Clearly, the enlightenment of Wilde's family did not put it above the Victorian middle class trap of needing to live up to the aristocracy, an apparently universal middle class obsession. The Wildes strove to preserve their children from the rest of the middle class, and Wilde observed that he "grew up surrounded by this poverty, but he was protected from its harsh realities as he played in the garden of Merrion Square." (Coakley, p.110) Both Oscar and his mother are bluntly described in many sources, as "snobs". Although Wilde exhibited a deep sense of compassion for the victims of society (so much compassion, in fact, that he became one during many periods of his life), it remains in interesting disjunction in his life that although he championed individuality, he was ever guilty of obsessing with "getting on". Perhaps this can be attributed, like so much else, to his full-time acting role, which allowed him to not practiced what he preached, and even to not really care about whether he was a hypocrite or not.
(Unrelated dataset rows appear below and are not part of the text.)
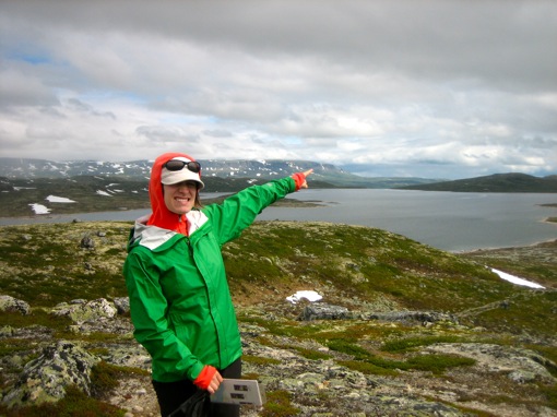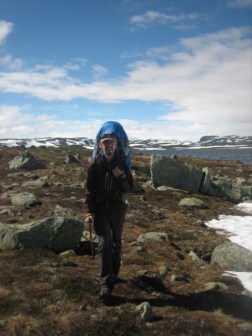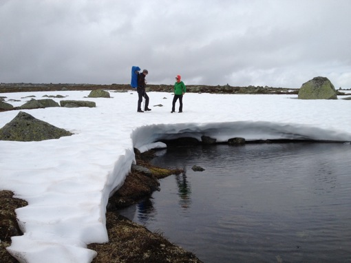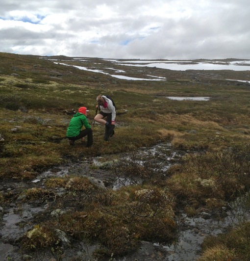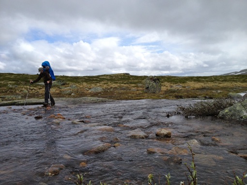We bevinden ons alweer midden in de typische sompige mossen van de Hardangervidda en doen ons best om niet in de modder en slijk weg te zakken. Dat lukt zonder problemen, tot ik een sprong maak over een modderpoel en uitglij op een steen: ik kom met benen en armen terecht in de koude modderpoel. Gelukkig hou ik er enkel een vuile en natte broek aan over en schieten we allemaal in de lach. De vuilste broekspijp trek ik uit om te laten drogen aan de lucht, en zo komt het dat ik verder wandel met maar één broekspijp aan. Nog een geluk dat we hier toch niemand tegenkomen!
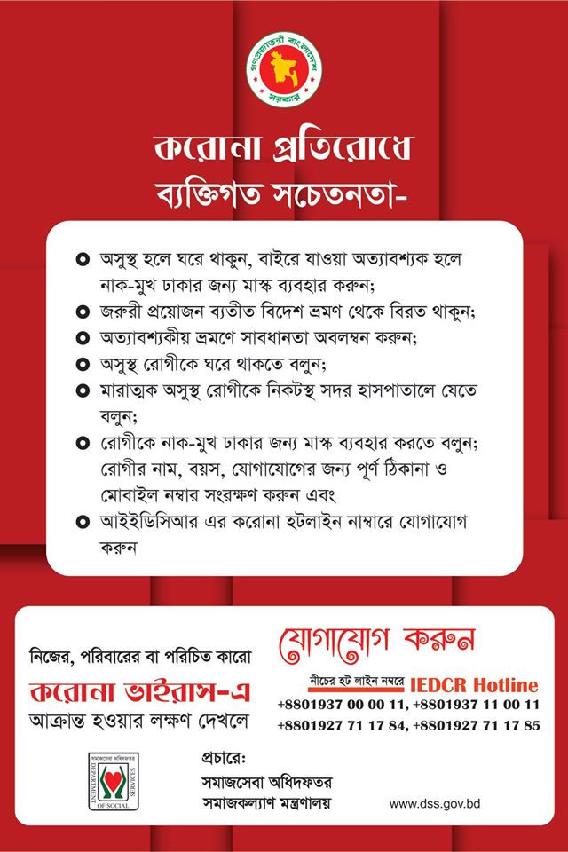 | ০২ | করোনা প্রতিরোধে সমাজসেবা অধিদফতরের সচেতনতামূলক পোস্টার | ১ ২ ৩ |
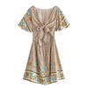 Elevate your summer wardrobe with this eye-catching Floral Print Bohemian Mini Dress. Crafted from a lightweight blend of rayon and cotton, this dress features a deep V-neckline and delicate hollow-out detailing for a truly boho-chic look. The floral print adds a fresh and feminine touch, while the short sleeves keep you cool and comfortable on warm days. Perfect for outdoor festivals, beach vacations, or casual weekend outings, this dress is designed to make you feel effortlessly stylish and free-spirited.
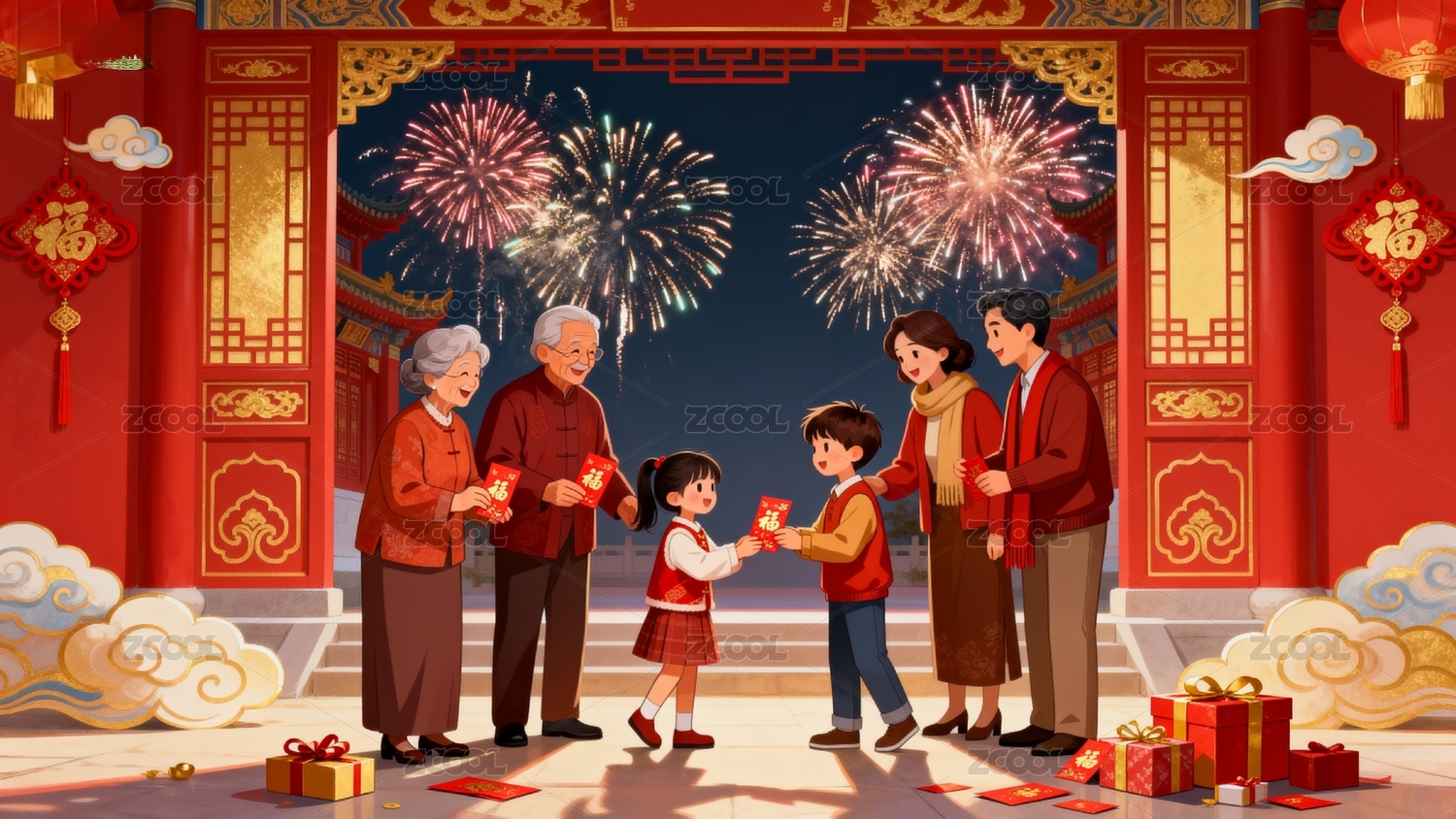 新年烟花儿童欢庆传统建筑
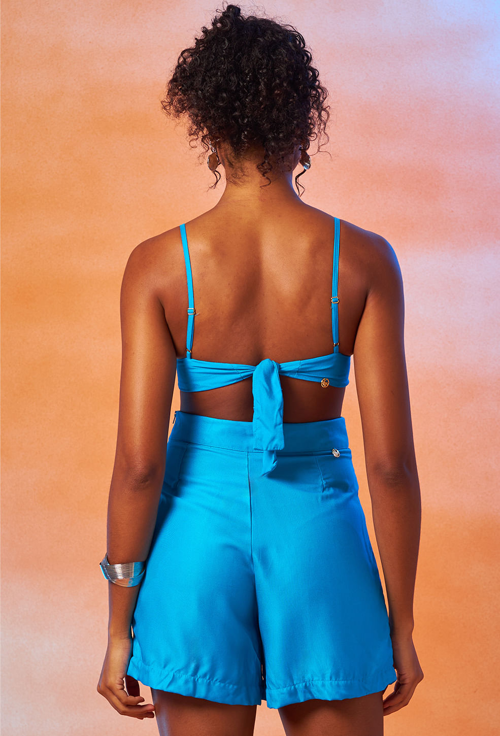 +Top cortininha Azul Vibrante com pala sob o busto, alças reguláveis e amarração nas costas. Peça versátil e leve, ideal para compor looks de moda prá
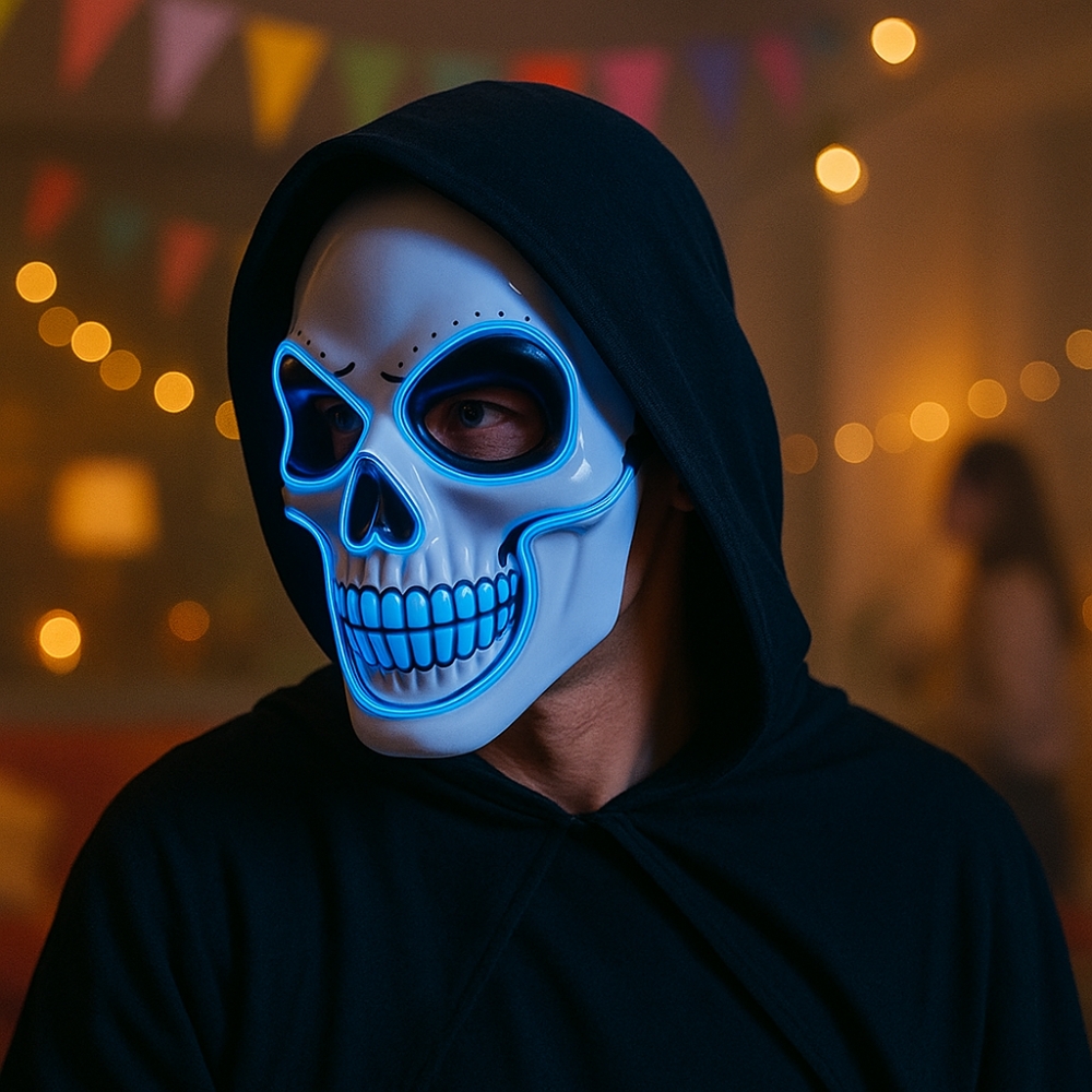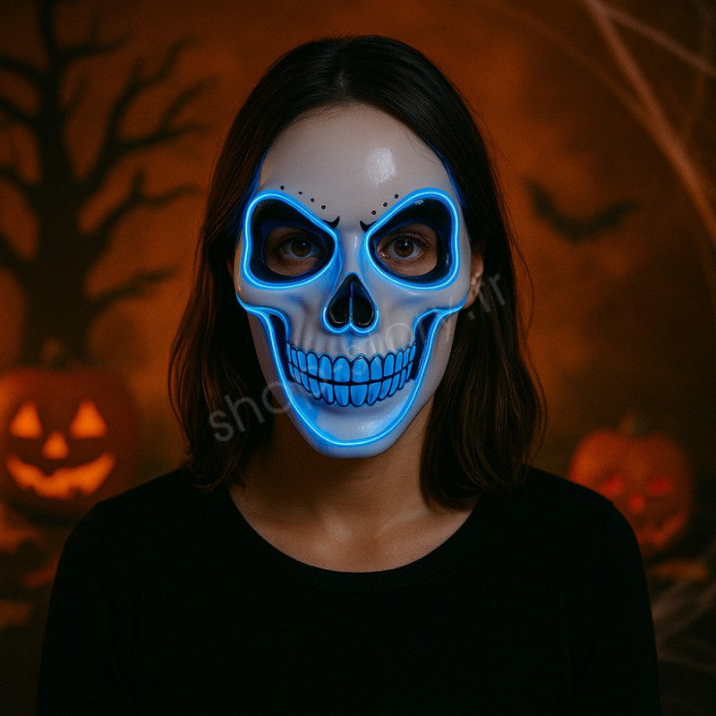 reliefs de crâne bien marqués sur une base blanche qui capte et renvoie la lumière bleue pour un rendu spectaculaire dans l’obscurité. Effet “tête de mort” net en photo/vidéo — idéal pour stories, reels et soirées à thème.

Or, perhaps it can be linked to the hardship that the family knew when William Wilde fell from grace as one of Dublin's most prominent men, financially and (to a degree) socially ruined by scandal, illness, and mental breakdown.

If Wilde's family strove to distinguish themselves in their present, they also worked to do so by rejuvenating their past, discovering links to Irish myth and heroism in a way that was very influential for Wilde. Philippe Jullian writes:

In this oppressed country intellectuals took refuge in delving into the distant past. To be able to claim former grandeur, the erudite exhumed that civilization which between the fifth and eighth centuries produced the marvelous illuminated manuscripts and sculptured crosses covered with tracery whose influence could be seen reappearing at the end of the nineteenth century in Art Nouveau. They wrote wild and poetic legends (Oscar Wilde, p.8)

Socially favored were those who could construct the most captivating stories about illustrious history, and many stories wove superstition into the formula. Wilde and his mother were very superstitious people, and Wilde claimed to have been visited by both his mother and his wife on the eve of their deaths, although on both occasions he was separated by many miles (and, in the case of Speranza's death, which occurred when Wilde was incarcerated, by formidable walls). This immersion in the supernatural had an impact on Wilde's stories, particularly Dorian Gray and Lord Arthur Savile's Crime, in which the protagonist is driven to absurd distraction by the prediction of a white-knuckled fortune- teller. He was also influenced in this stage by Speranza's memory of her uncle Charles Maturin, an early author in the horror-fantasy genre-and a source of great pride for the family-and by Bram Stoker (author of Dracula), who was a frequent guest at Merrion Square.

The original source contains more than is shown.